BY BRIAN C. MITCHELL
American higher education’s operational model is based on outmoded — and some (myself included) would argue, unsustainable — revenue and expense assumptions.
The premise is that student-generated revenues will expand to offset increasing operational expenses of the institutions. However, the decline in per-student net tuition revenues and the backlash against higher student loan debt have pushed this core assumption off the planning table. At the same, time, higher education faces evolving demographic, political, and economic trends that will constrain revenue, and produce smaller and more diverse admission classes.
In a “Futurist” piece in NACUBO’s Business Officer magazine (July/August 2016), I argue that institutions must look inward to develop a budget format that creates a sustainable financial model appropriate to changing circumstances on college and university campuses.
To achieve financial viability, each institution will have to manage change by developing new financial models after evaluation its own set of strengths and weaknesses. Many institutions will succeed; some will not. …The biggest variable is the experience and innovative capacity of the leadership.
Specifically, it will be critical to match changing financial practices with modernized, streamlined and better informed governance — beginning with how trustees see their role in shared governance.

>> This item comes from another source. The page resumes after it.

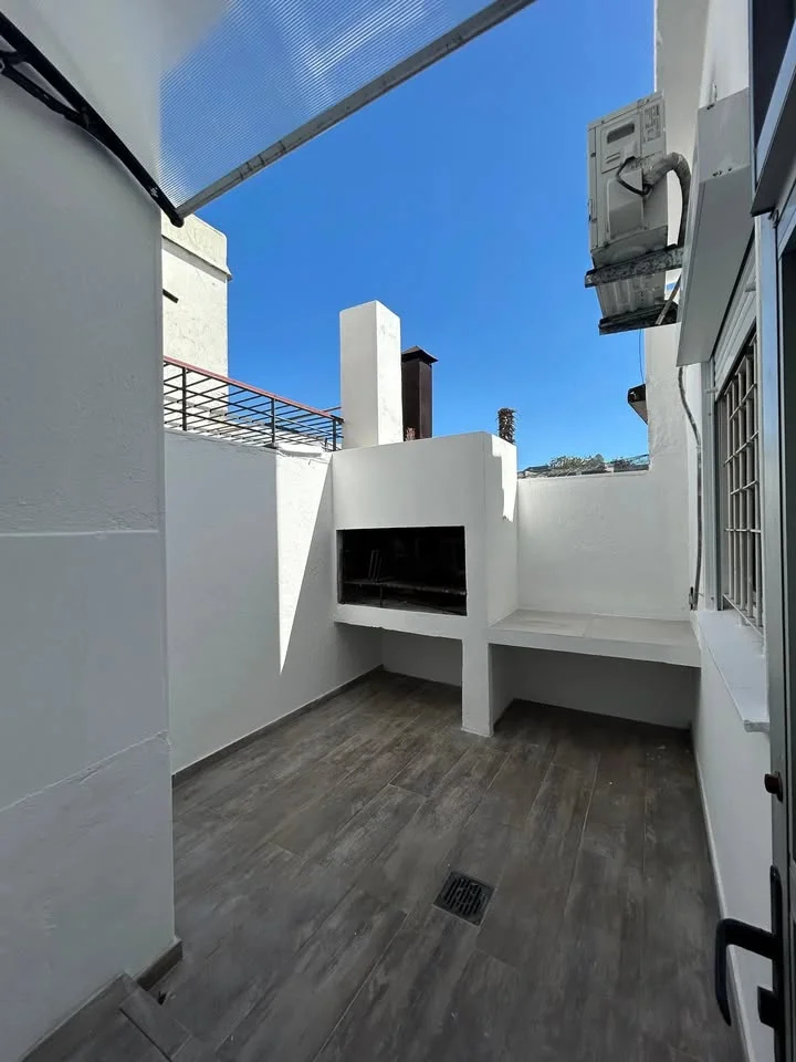 Patio con parrillero integrado (equipado con quemador y parrilla).
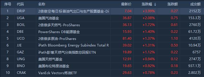 从ETF涨幅榜来看,2倍做空每日标普油气出口与生产股票ETF涨近4%,成交额2152万美元;2倍做多天然气ETF涨1.72%,成交额2760万美元。

In the article, I argue that American colleges and universities must reimagine what tools they have and how to use them. They must learn to do more with less. Four opportunities are emerging:
- Compete better through collaboration;
- End “mom and pop” financial aid shops;
- Review the entire base of institutional assets;
- Embrace communities and demonstrate higher education’s value to them.
Higher education will always be an inefficient business with extraordinary fixed costs. But it has enough flexibility built in to put the pieces of the puzzle together differently.
Systemic change in the transformation of information transformed educational institutions for the better. Now it must change how they operate internally.
My complete article can be read or downloaded online. To read the full issue of Business Officer, visit NACUBO’s site.
Dr. Andrew Hines , at the University of Houston (ahines@central.uh.edu) just completed a study of student needs, 2025 funded by Lumina and which is scheduled to be a themed issue of :
On the Horizon in 2017-2 (http://www.emeraldinsight.com/oth.htm)
Basically, the demand will be for the softer skills, the ones in which content driven academics are not skilled nor focus on in their career paths. It also meshes with the fact that students come to a campus for more than the content oriented degree. It is the same, internationally, the desire to acquire the social and cultural capital that are needed to function in both the world of work and as contributing citizens. It is also the same for other populations that the campuses seek to attract at the basic undergraduate level. There are academic institutions that cater to those needs today from the medallion institutions to some public universities.
On the other hand, there are growing numbers of post secondary education providers, some of which are private, stand alone, some are collaborative and an increasing number are taking programs international. Some compete on their models and others are competing on price or both. But most are student centric.
The 3 essays in the NACUBO’s themed issue, for all the thought, are still content and institution centric. While Bryan, in one scenario does touch on AI, what was not addressed is what has had faculty stirred, MOOC’s, the idea that massive or AI driven courses can not replace faculty/student and Baumol’s disease.
If, as the Lumina study suggests and the rise of AI as content provider is understood, the future demands will vindicate the need for faculty but there will be a shift in the faculty composition as content skills and soft skills will require a rebalancing.
Administrators need to look carefully at their entire institution from who mows the grass and scrubs the floors, who engineers or re-engineers the campus or the global educational experience and the entire academic structure which may be collaborative, an AI blend or other combinations. This is a budgetary issue last and a faculty/admin/student issue first.
One must remember that higher education in the US starting in the 17th century was aimed at giving, polishing and distributing social and cultural capital, albeit for an elite. This has come full circle in a new and demanding embodiment at the basic undergraduate level. Scholarly, traditional, academia at the graduate levels is another issue. This can not be framed as a way to save “Old Main”.
It is interesting that “the Chronicle Review”, July 28 , http://tinyurl.com/z9ar25c , posted Alan Wolfe’s “The Vanishing Big Thinker”. For the purpose, here, Wolfe points out that in 1968 there was the start of a major shift towards the “research university”, the publish/perish, scientific model which oriented faculty towards the graduate/research dependent functioning of the faculty. While Wolfe is interested in the philosophical aspects, it also starts to change both the operation and the business model of the university and that trajectory evolving over time is one that is now needing to be addressed because the issue has now come full circle, particularly for the non RI institutions and even the smaller “liberal arts” institutions whose Ph.D. faculty are educated in this mold.